In fact, the country-music capital has rapidly morphed into what one writer dubbed "a new Ellis Island," the unlikely symbol of America's biggest refugee and immigrant resettlement since the Industrial Revolution. For more than a decade now, most immigrants have been bypassing traditional urban destinations in favor of Middle American towns and cities where jobs are abundant and unemployment is scant. Music City has ranked first among U.S. cities since 1990 in immigration growth, and now has the largest community of Kurdish refugees in the United States. Like the rest of Tennessee, Nashville also ranks high as a destination for undocumented Hispanics -- and that's the part that rankles Harmon. "The Kurds are the nicest people you'd ever want to meet," she says. "A lot like the Hispanic folk we've had here for a long time."

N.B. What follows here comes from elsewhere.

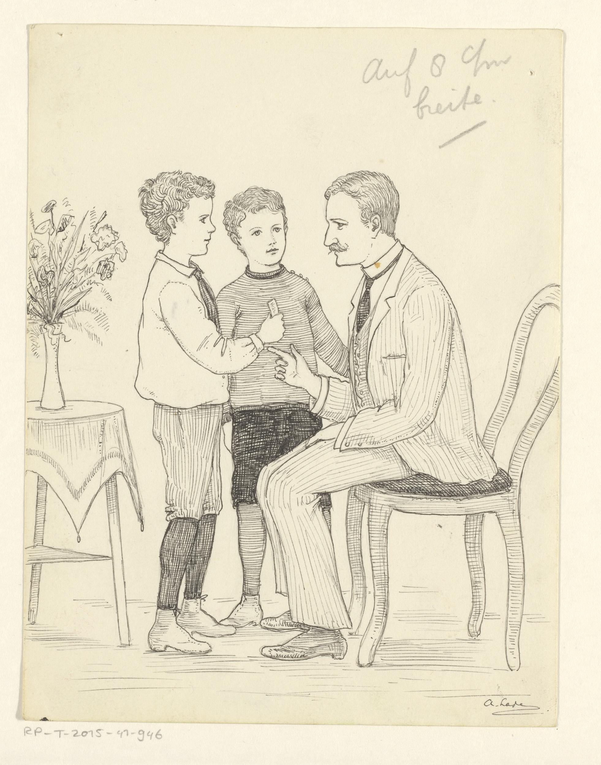 Twee jongens bij een zittende man

Not the new ones. "Sadly, I've gotten to where I can look at a row of houses now and say, 'They're legal -- they're illegal.' Simply because the ones that are legal tend to have that pride of place. The illegals? They don't give a rat's hind end about fitting in or being a U.S. citizen. They're here because they want money, and that's it. They brought their chickens-in-the-yard culture over here with them. You see ten cars parked in the front yard, where you used to see flower beds."

Harmon has known some of those flower beds for decades. "My neighborhood is gone," she declares, steering down a winding hill through her old haunts. "I can't read the signs because I don't speak Spanish -- in my native country!" As we hang a right onto the heavily trafficked business artery of Murfreesboro Road, Harmon starts pointing out evidence right and left. "As you see, everything for blocks is either a check-cashing place, a PayDay Loan or something Mexican. I don't know what the deal is with that one," she says, aiming a burgundy fingernail at a DryCleanersUSA sign, festooned in Stars and Stripes, that has been hung upside down.

"I can tell you what was in every one of these buildings until about five years ago," she says. "Some of them have been here since I was a child. Right there was my dentist's office," she says, pointing to a Western Union sign. "Now if it's not for rent, it's got a Mexican sign on it."

Harmon's culture shock was part of what prompted her to co-found Tennesseans for Responsible Immigration Policies (TRIP), now the state's leading anti-immigration group, in 2001. But even if she sometimes sounds like a walking, talking cultural-backlash cliché, she doesn't exactly fit the mold. Harmon, who as a teenager cruised South Nashville with a big gold marijuana-leaf decal on the back of her Camaro ("it matched," she says), has always had a rebellious streak as wide as Tennessee. "Maybe I read too many mysteries as a child," she says. "I have to think out of the box."

She fell in love with activism in 1999 when she partnered with the ACLU in a successful challenge to a new uniform policy at two of her children's public schools. "I don't know about you, but I see kids going to school in uniforms, and I'm seeing little Nazis heiling Hitler."